Für welche Köderart (Kunstköder) und bis zu welcher Größe kann ich die Rute nutzen? Ich würde schon gerne mit Spinnern, Twistern, Wobblern angeln, gerne aber auch mal nen Gummifisch versuchen und auf nen Zander hoffen. 

Was ist zur Rolle zu sagen?
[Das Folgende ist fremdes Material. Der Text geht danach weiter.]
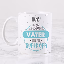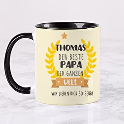 Wenn Sie nicht wissen, wie man personalisierte Tasse für den Vatertag herstellt, machen Sie sich keine Sorgen, denn in unserem Editor ist es sehr einfach. Wählen Sie einfach eines unserer Vatertagstasser-Designs aus und passen Sie es an Ihren Tasse an, so wie Sie es wünschen. Wir haben sehr coole Modelle, man weiß nicht, bei welchem man bleiben soll. Von den fröhlichsten und farbenfrohsten bis zu den minimalistischsten. Sie haben sie für jeden Geschmack und für alle Arten von Eltern.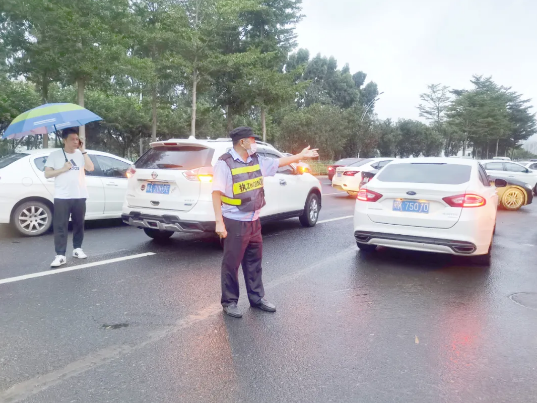 ▲协警疏导家长接送车辆,停靠在旗山大道旁

Hält die auch mal nen größeren Fisch aus?

Wäre prima, wenn ihr mir hier weiterhelfen könntet. ich möchte nicht gerne erst da oben merken, dass meine Ausrüstung für die Ansprüche nicht taugt.
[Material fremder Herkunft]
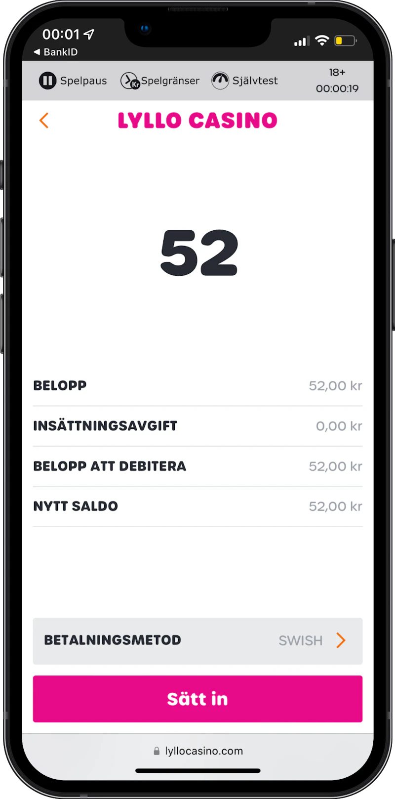 Du har nu valt din bonus, eller avsagt dig din bonus. Det är nu dags att sätta in pengar hos Lyllo Casino. Välj summa (minst 52 kronor) och klicka sätt in. Du kan välja mellan att ''swisha'' in dina pengar, eller föra över pengarna genom Trustly. Två insättningsmetoder som är säkra och smidiga.

Solltet ihr noch ein paar Tipps haben, gerne her damit.
Ich werde mich vorher ja noch mit Schnur, Köder, usw. ausstatten müssen und bin da für jede Hilfe dankbar.

Vielen Dank schon mal.

Freder


----------



## Udo561 (9. September 2010)

*AW: Das erste mal in den Niederlanden...*

Hi,
na ja , die Kombi reicht aus um leichtes Spinnfischen zu betreiben.
Für Barsch reicht das allemal , aber in den Poldern ist immer mit größeren hechten zu rechnen , da würde ich persönlich schon ne etwas kräftigere Rute bevorzugen.
Wenn du an den Poldern angelst ist ein Stahlvorfach Pflicht.
Gruß Udo


----------



## Kark (9. September 2010)

*AW: Das erste mal in den Niederlanden...*

Die Hechte in Poldern sind nicht so kampfstark. Das macht deine Combo auf jeden Fall mit. 
Zu den Ködern die du verwenden möchtest: Orientier dich zunächst an dem Wurfgewicht deiner Rute. In deinem Fall kannst du Köder bis ca. 30g gut werfen. Bei vielen Ruten stimmt diese Angabe aber häufig nicht. Es kann sein, dass die Rute mit 30g schon an der Belastungsgrenze ist oder das man auch locker ca. 50g werfen könnte. Das merkst du aber beim Werfen..ob da noch was geht oder das die Grenze erreicht ist.
Die Rolle sollte alle Raubfische die so in den gewöhnlichen Poldern rumschwimmen gut wegstecken. 
Zum Ijsselmeer kann ich dir leider nicht sagen... aber in der Regel sollte es auch kein Problem die hiesigen Raubfische damit schadenfrei auszudrillen |rolleyes

Grüße

Kark


----------



## Freder (10. September 2010)

*AW: Das erste mal in den Niederlanden...*

Schon mal vielen Dank für eure Antworten.
Jetzt weiß ich ja zumindest, dass meine Ausrüstung nicht ganz so verkehrt ist.
Vielleicht komme ich ja günstig an eine 2,40m Rute mit einem Wurfgewicht 20 - 60gr.
Das sollte dann ja ausreichend sein.
Mal schauen, was ich da so finde.


----------



## Graphy (14. September 2010)

*AW: Das erste mal in den Niederlanden...*

Hallo,

ich war letzte Woche auch da oben bei Medemblik, also mein Tip  aufjeden Fall ein Boot  mieten, sonst ist es etwas schwerer passende Angelstellen zu finden, und es gibt dort sehr viel Wasser (Polder)


----------



## Freder (14. September 2010)

*AW: Das erste mal in den Niederlanden...*



Graphy schrieb:


> Hallo,
> 
> ich war letzte Woche auch da oben bei Medemblik, also mein Tip  aufjeden Fall ein Boot  mieten, sonst ist es etwas schwerer passende Angelstellen zu finden, und es gibt dort sehr viel Wasser (Polder)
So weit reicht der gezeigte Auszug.